* _Task to carry out_
Every line below that holds the string "will" must be copied.
START Records supplied
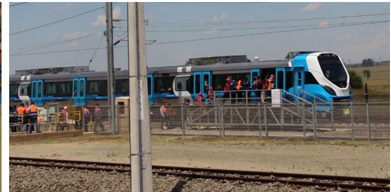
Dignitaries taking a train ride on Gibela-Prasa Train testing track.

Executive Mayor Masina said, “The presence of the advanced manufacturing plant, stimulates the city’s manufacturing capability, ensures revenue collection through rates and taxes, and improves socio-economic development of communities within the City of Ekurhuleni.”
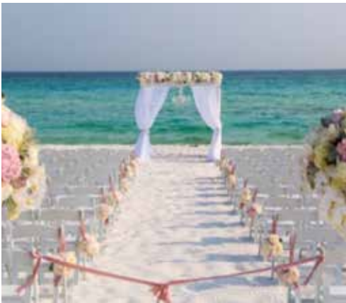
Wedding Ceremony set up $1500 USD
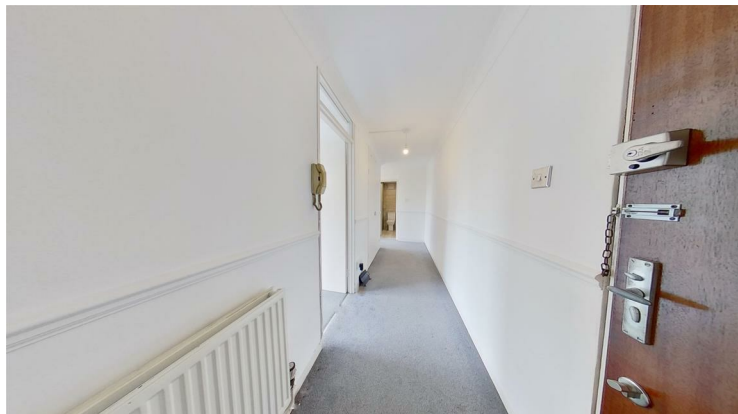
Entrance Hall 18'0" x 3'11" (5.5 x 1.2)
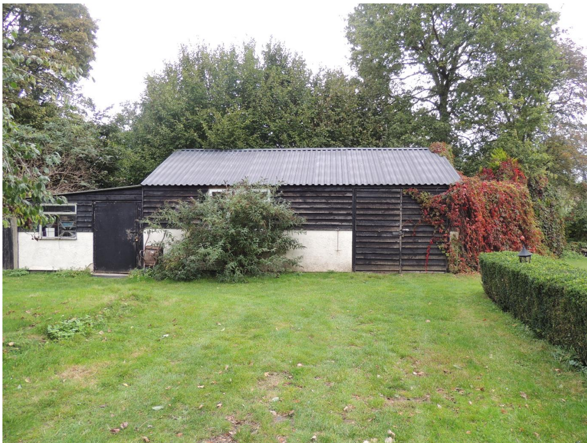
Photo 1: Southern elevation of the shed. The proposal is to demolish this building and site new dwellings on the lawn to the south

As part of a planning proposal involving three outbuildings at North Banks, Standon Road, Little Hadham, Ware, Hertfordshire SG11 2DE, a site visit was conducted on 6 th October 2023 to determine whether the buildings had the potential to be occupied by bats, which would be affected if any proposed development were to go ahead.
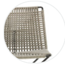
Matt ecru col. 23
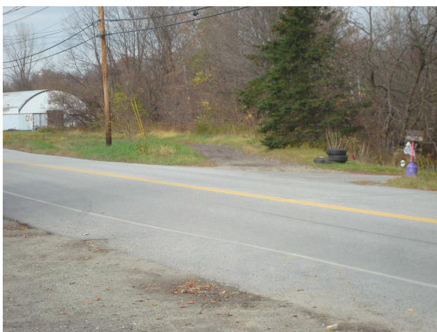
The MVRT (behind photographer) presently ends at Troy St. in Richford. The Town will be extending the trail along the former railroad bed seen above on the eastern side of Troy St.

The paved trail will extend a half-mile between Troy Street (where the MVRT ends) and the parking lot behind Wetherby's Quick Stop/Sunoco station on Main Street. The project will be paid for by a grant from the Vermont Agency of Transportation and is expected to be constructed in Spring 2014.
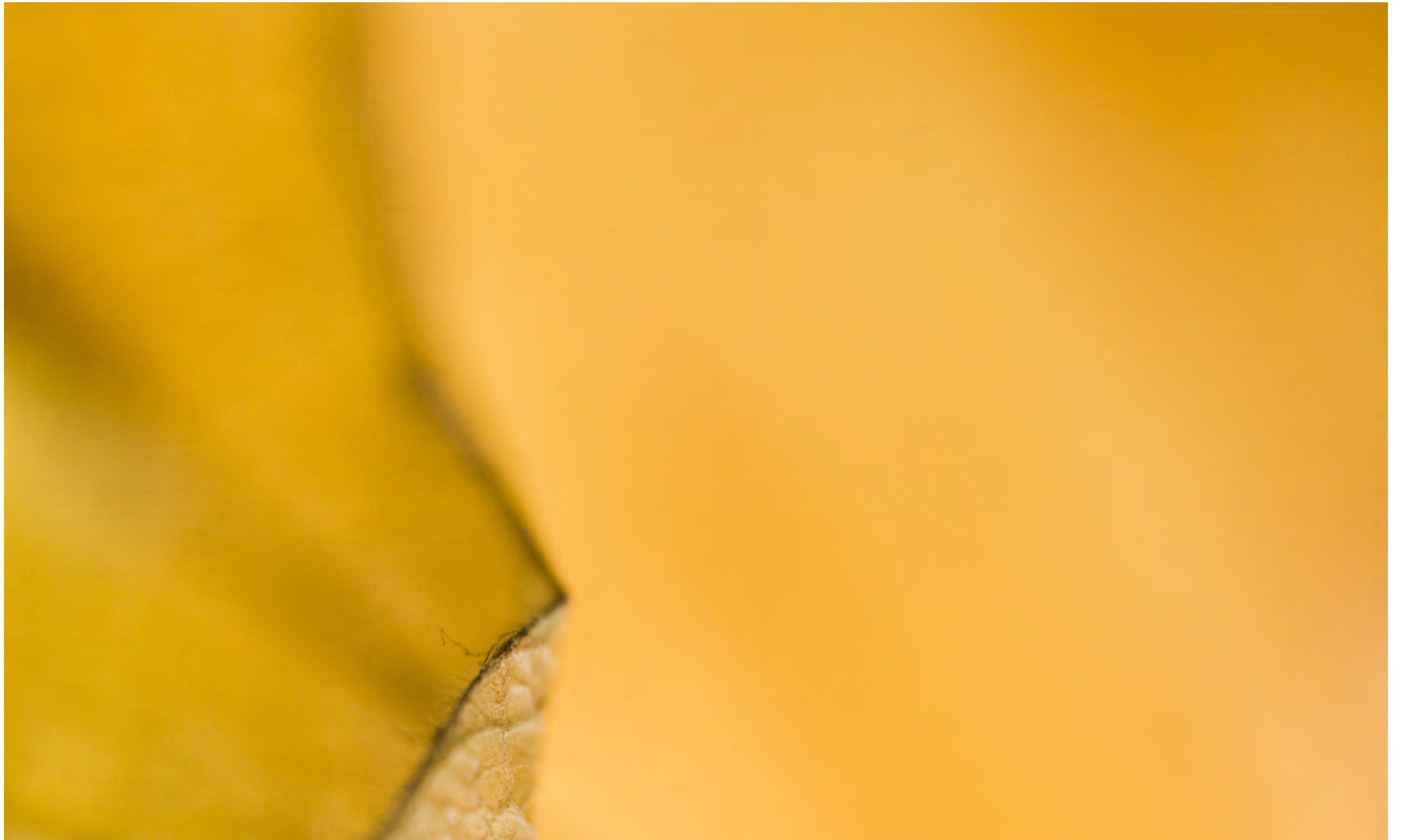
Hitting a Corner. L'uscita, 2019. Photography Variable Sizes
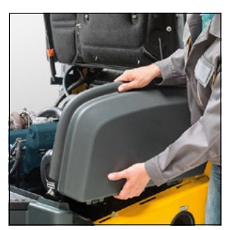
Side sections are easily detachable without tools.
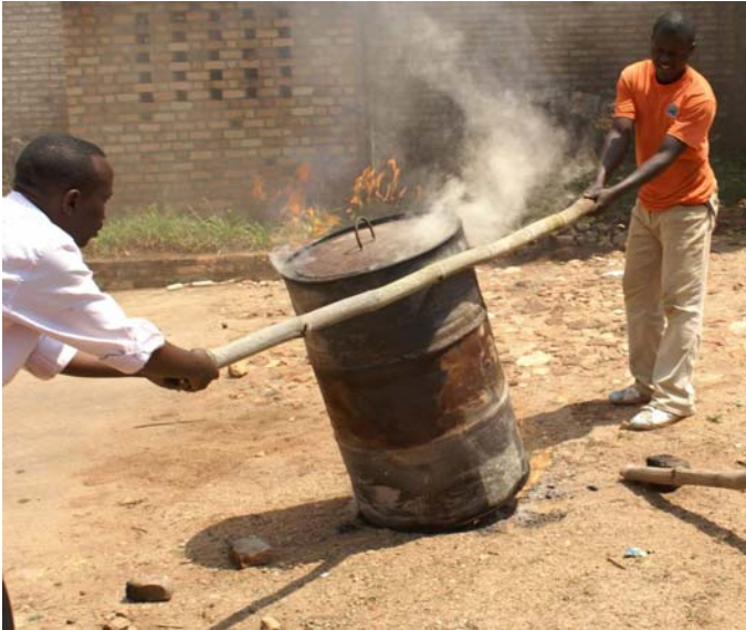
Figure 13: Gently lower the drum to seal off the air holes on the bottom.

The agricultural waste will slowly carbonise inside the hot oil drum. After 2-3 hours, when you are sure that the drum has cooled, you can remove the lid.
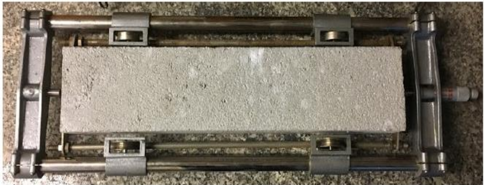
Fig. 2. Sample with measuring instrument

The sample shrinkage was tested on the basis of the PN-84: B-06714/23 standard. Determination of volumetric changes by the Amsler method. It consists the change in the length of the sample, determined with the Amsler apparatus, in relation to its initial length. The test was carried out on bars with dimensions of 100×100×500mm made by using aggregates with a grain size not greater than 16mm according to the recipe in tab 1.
END Records supplied
* _Task solution_
The MVRT (behind photographer) presently ends at Troy St. in Richford. The Town will be extending the trail along the former railroad bed seen above on the eastern side of Troy St.
The paved trail will extend a half-mile between Troy Street (where the MVRT ends) and the parking lot behind Wetherby's Quick Stop/Sunoco station on Main Street. The project will be paid for by a grant from the Vermont Agency of Transportation and is expected to be constructed in Spring 2014.
The agricultural waste will slowly carbonise inside the hot oil drum. After 2-3 hours, when you are sure that the drum has cooled, you can remove the lid.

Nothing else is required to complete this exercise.